The story of the conquest of diabetes.
In roughly chronological order, Cooper and Ainsberg weave together the stories of the doctor who ran the first clinic for patients with diabetes, the scientists who first isolated insulin, a young woman among the first to receive the new drug and the research director of the pharmaceutical company that launched its production. The authors focus in turn on Dr. Frederick Allen, whose starvation diet could prolong patients’ lives but not save them; Frederick Banting, the insightful and persistent scientist whose work with the pancreases of dogs isolated insulin; Elizabeth Hughes, daughter of politician Charles Evans Hughes, whose influence enabled her to become one of the first diabetics to be saved by insulin; and George Clowes of Eli Lilly, who immediately saw insulin’s potential and figured out how to produce it commercially. Where research did not provide the necessary dialogue or even the dramatic incidents the authors needed, they have invented their own to enhance the narrative.
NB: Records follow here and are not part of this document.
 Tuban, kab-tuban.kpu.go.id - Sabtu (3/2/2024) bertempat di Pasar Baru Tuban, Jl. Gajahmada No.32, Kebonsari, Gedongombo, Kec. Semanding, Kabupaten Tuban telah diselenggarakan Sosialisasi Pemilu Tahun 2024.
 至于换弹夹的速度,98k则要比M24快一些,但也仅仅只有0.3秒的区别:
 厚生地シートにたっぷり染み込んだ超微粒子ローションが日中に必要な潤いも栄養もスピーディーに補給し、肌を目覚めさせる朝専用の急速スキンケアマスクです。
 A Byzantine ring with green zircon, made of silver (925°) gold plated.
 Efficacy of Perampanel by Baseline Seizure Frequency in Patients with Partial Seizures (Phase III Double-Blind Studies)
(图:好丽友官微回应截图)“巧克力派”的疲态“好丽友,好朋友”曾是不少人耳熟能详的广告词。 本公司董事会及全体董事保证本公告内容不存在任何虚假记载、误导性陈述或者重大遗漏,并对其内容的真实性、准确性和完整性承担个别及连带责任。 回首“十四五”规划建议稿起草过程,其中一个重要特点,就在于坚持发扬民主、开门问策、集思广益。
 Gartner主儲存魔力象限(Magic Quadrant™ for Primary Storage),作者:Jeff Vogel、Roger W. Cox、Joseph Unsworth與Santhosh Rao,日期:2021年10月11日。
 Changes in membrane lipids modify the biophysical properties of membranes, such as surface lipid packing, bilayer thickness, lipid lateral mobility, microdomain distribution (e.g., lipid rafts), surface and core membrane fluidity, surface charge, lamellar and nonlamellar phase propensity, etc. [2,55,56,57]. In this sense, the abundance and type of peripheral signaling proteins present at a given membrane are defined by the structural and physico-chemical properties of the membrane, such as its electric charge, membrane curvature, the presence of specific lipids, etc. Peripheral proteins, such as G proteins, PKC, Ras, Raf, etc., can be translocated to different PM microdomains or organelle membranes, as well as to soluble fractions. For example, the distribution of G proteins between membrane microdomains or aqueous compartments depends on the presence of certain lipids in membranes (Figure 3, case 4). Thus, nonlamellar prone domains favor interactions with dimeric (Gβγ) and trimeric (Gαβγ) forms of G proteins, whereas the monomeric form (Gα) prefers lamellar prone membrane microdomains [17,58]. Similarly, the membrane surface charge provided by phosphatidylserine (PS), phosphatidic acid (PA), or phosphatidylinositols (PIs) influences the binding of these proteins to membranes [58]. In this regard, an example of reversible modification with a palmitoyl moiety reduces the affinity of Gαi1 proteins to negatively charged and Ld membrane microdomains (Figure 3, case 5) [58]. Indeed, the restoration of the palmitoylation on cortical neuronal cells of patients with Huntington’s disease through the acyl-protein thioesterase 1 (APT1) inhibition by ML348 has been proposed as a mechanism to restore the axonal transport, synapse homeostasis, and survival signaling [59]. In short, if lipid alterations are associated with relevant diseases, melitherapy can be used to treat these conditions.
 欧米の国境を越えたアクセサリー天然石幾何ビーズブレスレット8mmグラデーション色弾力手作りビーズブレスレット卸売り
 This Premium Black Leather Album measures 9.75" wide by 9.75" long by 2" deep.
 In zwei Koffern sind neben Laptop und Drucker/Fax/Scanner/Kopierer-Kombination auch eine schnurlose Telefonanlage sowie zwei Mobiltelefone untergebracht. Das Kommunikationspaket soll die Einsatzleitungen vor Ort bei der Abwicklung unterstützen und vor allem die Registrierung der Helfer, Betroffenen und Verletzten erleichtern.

The result is a work that sometimes reads like a novel, with the characters brought to life through their thoughts, remarks and physical gestures. The irascible Banting, whose hardships, jealousies and struggles with his colleagues seem endless, is perhaps the most fascinating. Young Elizabeth, seen primarily through excerpts from her letters, is a less-realized character than her parents. The authors seem especially intrigued by Elizabeth, however, puzzling over her later refusal to admit to having diabetes and her failure to include diabetes research in her philanthropic efforts. Caroline Cox’s The Fight To Survive: A Young Girl’s Struggle with Diabetes and the Discovery of Insulin (2009) offers a fuller profile of her but a briefer account of the insulin story.
A readable tale of medical achievement.